With nearly 100 acres, Dennis and his family will have hundreds of Christmas trees, including balled and burlapped Norway Spruce and White Pine, that can be replanted after Christmas and Fraser Firs that he brings in special from North Carolina.
“It’s the best Christmas tree in the nation if you ask me,” he said of the Fraser Fir. “I’ve brought them in for 22 years now. They hold the needles the longest and the prettiest. They just hold up so well. They are the ideal tree.”
Quality is what the family farm prides itself on, with the freshest cut trees that’ll last till Christmas, if properly cared for.
“My trees are usually a week or more fresher and are all stored in the shade or inside standing vertical, so they just hold up better,” Dennis said “You won’t find the abundance of dead needles. With a fir, you put them on the stand and put water in there and they are going to keep drinking water and stay fresh for up to 45 days from when it was cut. If you buy it the day after Thanksgiving, you should be fine with most any of ours till Christmas.”
Like any farmer and small business owner, Dennis has had his challenges within the business. COVID has changed the farm’s plans this season, with the need to bring in more tents for pre-cut trees so that customers can remain outdoors and socially distanced. But Dennis said he’ll have plenty of space to accommodate. Aside from the tents and CDC guidelines, the farm has a jolly new addition this year — that will stand 30 feet tall.

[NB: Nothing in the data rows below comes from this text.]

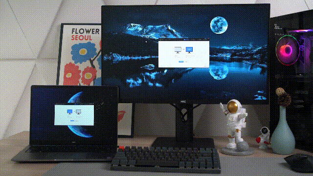 进入详细体验前,我们得进行一些准备。为了更加直观展现跨屏操作,我选择了一台笔记本+一台台式电脑,这也是很多用户常遇到的场景之一。
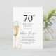 This is a modern and elegant 70th Birthday party invitation. Using a minimalist design of a flute of champagne, easily edit the text as required using the provided template and celebrate this milestone birthday in elegant style.
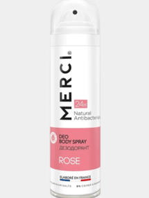 MERCI ROSE- Дезодорант Изготовленный по французской формуле парфюмированный дезодорант с комплексом трех натуральных антибактериальных веществ. Защита в течение 24 часов. Не содержит триклозан и солей алюминия. Дерматологически протестировано. 160,00 ₽ / шт
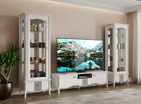Набор выполнен с использованием шпона и массива дуба на лицевых поверхностях. Украшают набор: фигурный набор шпона, декоративные элементы с выдавленными полосками, подчёркивающими структуру древесины, волнообразные кромки нижних деталей, объёдиняющие все изделия в единую композицию. Зеркало навесное овальной формы прекрасно сочетается с таким же по конфигурации на шкафу. Внутренние поверхности деталей облицованы плёнкой с финиш-эффектом. Крышки из плиты ДСП, облицованной шпоном и бруском дуба с профильным фрезерованием по лицевым кромкам.
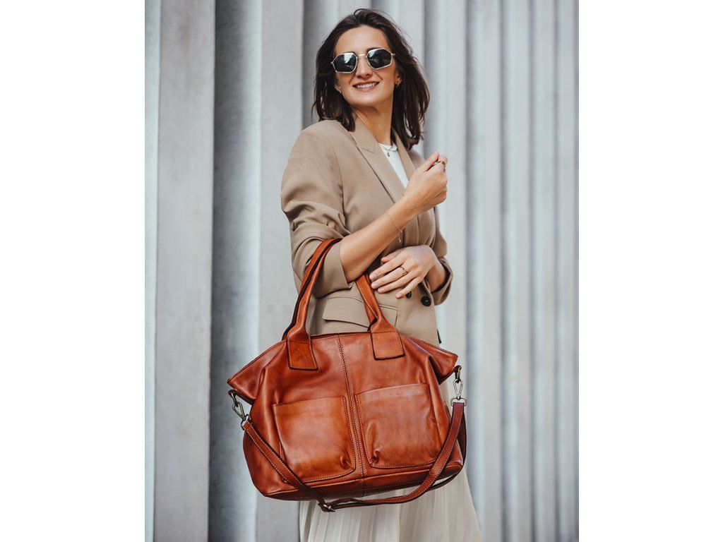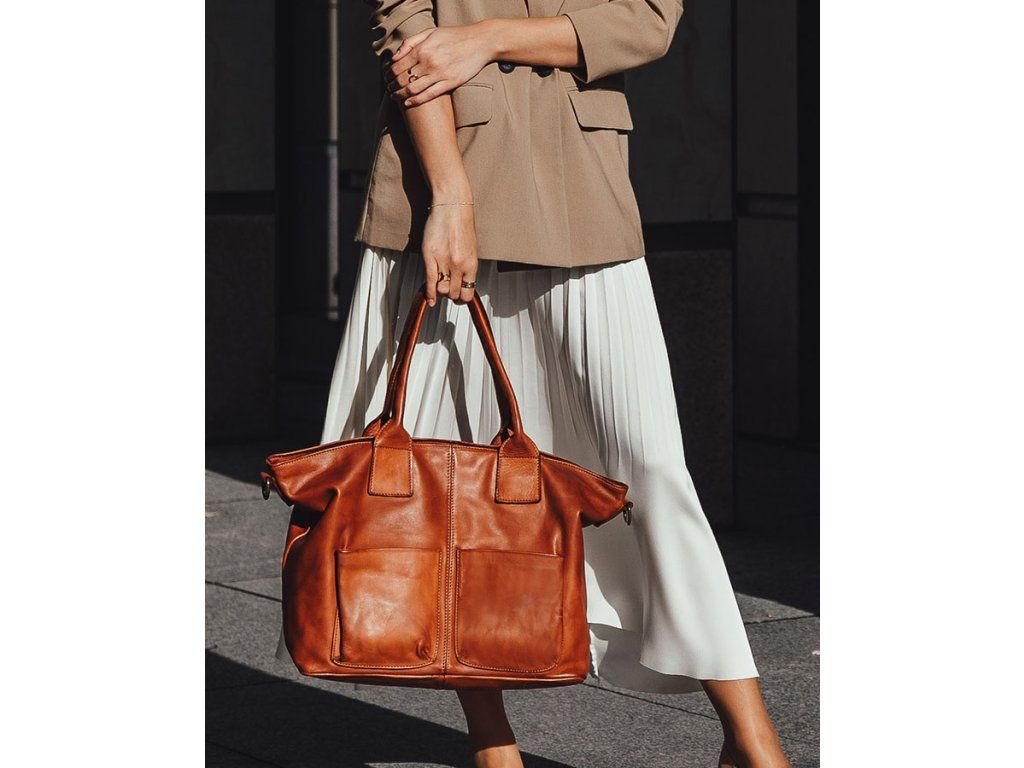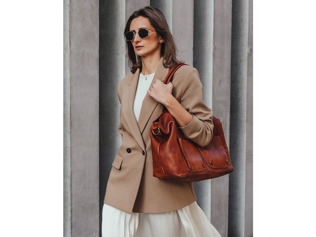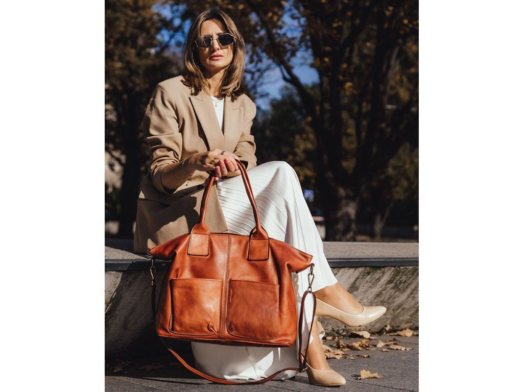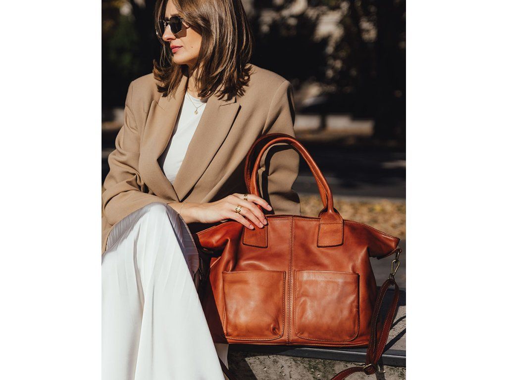 Elegantná a priestranná – táto dámska kabelka typu shopper z prírodnej hovädzej kože je dokonalou voľbou na každý deň. Zmestí dokumenty formátu A4, notebook aj všetky nevyhnutnosti. Ideálna do práce, na univerzitu alebo výlet.

“This year, out in the tree field, I’m going to put up a 30-foot-tall inflatable Santa Claus. The whole thing lights up at night time,” shared Dennis with excitement. “I’ve been wanting to buy one for years, and they were just so expensive and very few ever made. After all these years, I found one for sale from a friend in the business, and I just got it shipped in from Arizona in time for the season opening. It’s going to be a sight to see. Something special and a great photo opportunity.”
Along with the new addition, Dennis is still known for his flocked trees, sprayed with a white dry powder adhesive, making the tree look like covered in real snow. He’s had customers drive in from Louisville and Hopkinsville just to get a flocked tree.
Dennis’ love of trees and having a part in so many family’s annual traditions and Christmas spirit is apparent. The Warrens will return again this year, along with many others celebrating the season and supporting a local family-owned business in the process.
“Quality is what we pride ourselves on. Make it pretty and nice, and give them good service, and they are going to come back year after year,” Dennis said. “I think there’ll be even more people this year, and we’ll do better than even last year. I sure hope so.”
Last year, Hilltop Tree Farm sold 200 trees in one day. This season, the farm opened their gates on the Friday after Thanksgiving to continue the family traditions.